Fig. 24. and Fig. 25.
Fig. 26.
The writer, when exhibiting at Olympia this year, distributed 500 of these paper models, and the almost uncanny way in which they righted themselves when started from all sorts of impossible positions greatly interested the visitors. In fact, numbers of persons spent considerable time and ingenuity in trying to force the little glider to turn over or dive, but quite without success.
In order to test the turning capacity of this design, a rudder should be fixed to the tail, and the model launched at a moderate speed, when it will be found that it turns quickly and without any pendulum motion, and without any perceptible tilt. And although the writer’s experiments with the paper model and with many larger ones on the same plan have run into thousands, none of the models have ever been induced to come down in any other position but on their feet.

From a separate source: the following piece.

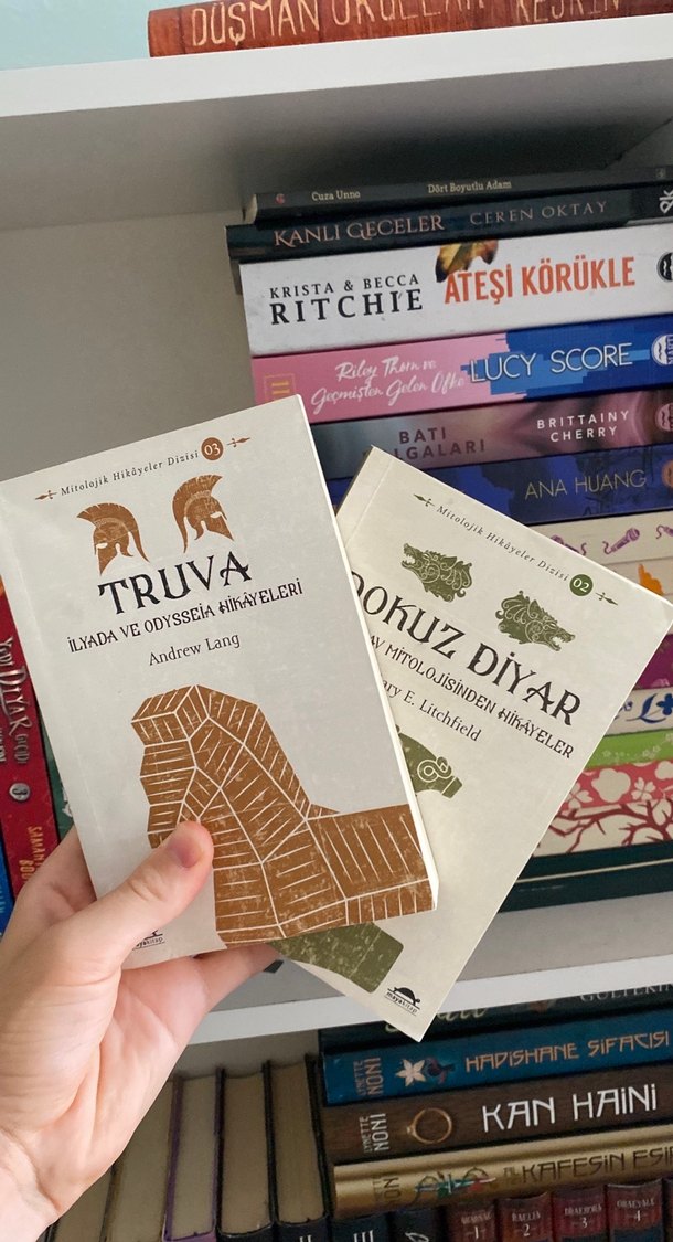 Andrew Lang'in İlyada ve Odysseia hikayelerini içeren "Truva" ve mitolojik hikayelerden oluşan "Okuz Diyar" kitapları.

The largest model, which measured 6 ft. 6 in. in length, was launched both upside down and with its head pointing vertically to earth from a height of 30 ft., and in each case righted before it reached the ground and landed on its skids.
As a further lifting surface, a very simple expedient offers itself in the shape of a duct built on the box-kite principle. The diamond-shaped box has been proved over and over again to be a very efficient lifting device, but it has not yet been tried on an aeroplane (Fig. 27). It is also a great stabilizer, since the air entering into the diamond-shaped opening is collected and compressed into the top angle there, and the whole box is thus practically suspended from its apex line in absolute stability. The lifting efficiency of such a box—or rather the top portion of the box, for the bottom part is not needed on our machine—is considerably greater than the value of the entering edge, and if run the whole length of the machine it forms a triangular girder of great strength, giving rigidity to the whole structure. The lifting efficiency is doubled by allowing the centre third of the girder to be open, as the dead air from the front part escapes, and the back part forms a new entering edge.